To use this project, install the corresponding requirement.txt file in your environment. Or you can follow the install.sh file to install the dependencies in your conda environment.
Follow these steps to install the required packages using the requirements.txt file:
- Create a new python env.
- Activate the environment you have just created.
- Install the requirements using the following command:
pip install -r requirements.txt
Create a conda environment using: conda create -n myenv python=3.10
. Then, do as the following commands to
install the required packages inside the conda environment.

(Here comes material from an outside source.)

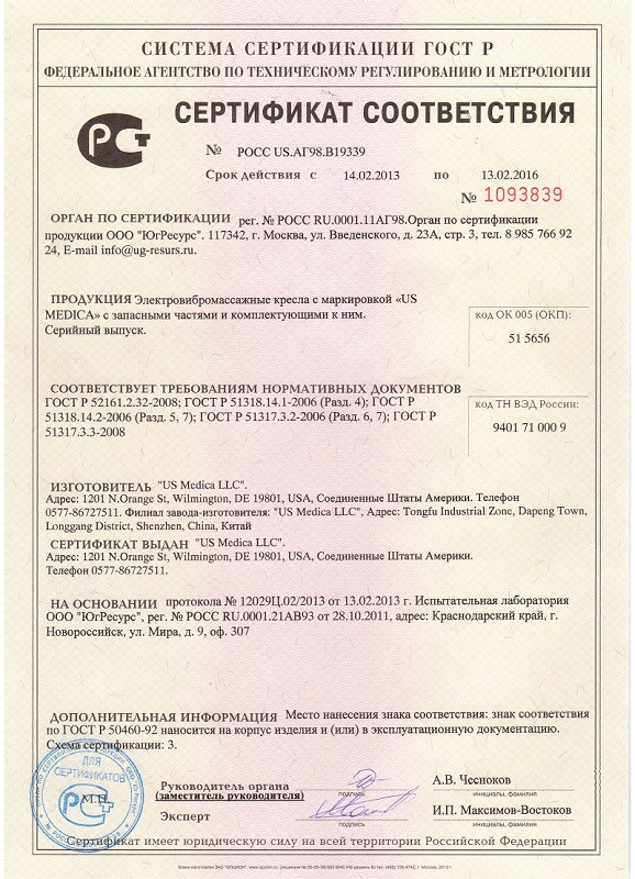 - 3 года гарантии на все массажные кресла от компаний Yamaguchi, US Medica, Anatomico.

First, make the install.sh file executable by running the following command:
chmod +x install.sh
Then, run the following command to install the required packages inside the conda environment:
bash install.sh
Note: It's crucial to pay attention to the dependencies to make sure all necessary components are installed. The versions of accelerator, diffusers, transformers, PyTorch and xformers you use can affect what features are available during training and inference. Sometimes you need to change the version of libraries to make it work flawlessly For example, PyTorch 2.0 switches from standard attention to flash attention. Also, newer versions of accelerator have a different setup for accelerator_checkpoint compared to older versions. In addition, xformers library needs a specific version of PyTorch to work properly. We added a verified requirements file that works well on ubuntu os and therefore, you can start with that. Sticking to the guidelines in the requirements.txt file is the simplest approach.
Download a test dataset (link) and add its directory in the config file.
You can create a custom dataset by yourself.
After data preparation and carefully setting the config.yaml file, run the following command in the terminal inside the train folder.
accelerate launch train.py --config_path './config.yaml'
Once the training is finished the model will be saved to a folder called "save_results". You could also monitor the performance of the model in the images_log folder.
After a training is finished, the following directories will be available in the save_results/timestamp
directory:
- diffusers_checkpoint: This directory can be used for getting inference with diffusers library.
- accelerator_checkpoints: This directory can be used for resume training. The numbers in the directories' names show the global step. In order to use it for inference you have to convert it using
- lora_checkpoints: To do (this directory would be used for getting inference with low rank adaptation).
We can simply use our fine-tuned model using the following code:
from diffusers import StableDiffusionInstructPix2PixPipeline
import torch
model_path = "path_to_saved_model" # including modules' folder
pipe = StableDiffusionInstructPix2PixPipeline.from_pretrained(model_path, torch_dtype=torch.float16)
pipe.to("cuda")
image = pipe(prompt='make the sky blue', image=img, image_guidance_scale=1.5).images[0]
image.save("result.png")
To show the InstructPix2Pix model's capabilities, we did a cool and unique training on approximately 1 million images from the Open Image V5 dataset. The objective was to fine-tune the model to perform zooming on images based on textual instructions specifying the zoom percentage. This involved collecting images, generating target images with random center zooms, and creating corresponding text prompts. The whole process is based on self-supervised learning. The training utilized the Adam optimizer with a learning rate schedule from 5e-5 to 1e-6, employing cosine annealing and gradient accumulation over nearly 4 epochs (10,000 steps). The fine-tuned model effectively zooms into images per the given instructions, showing promising capabilities up to 200% zoom, with minor artifacts at higher levels. Below are two GIFs demonstrating the model's performance in zooming tasks.
Example Prompt: “Zoom 150 percent into the center of the image.”
This project is a great example of how InstructPix2Pix can be fine-tuned for various tasks, and we are excited to see what other creative applications the community will come up with!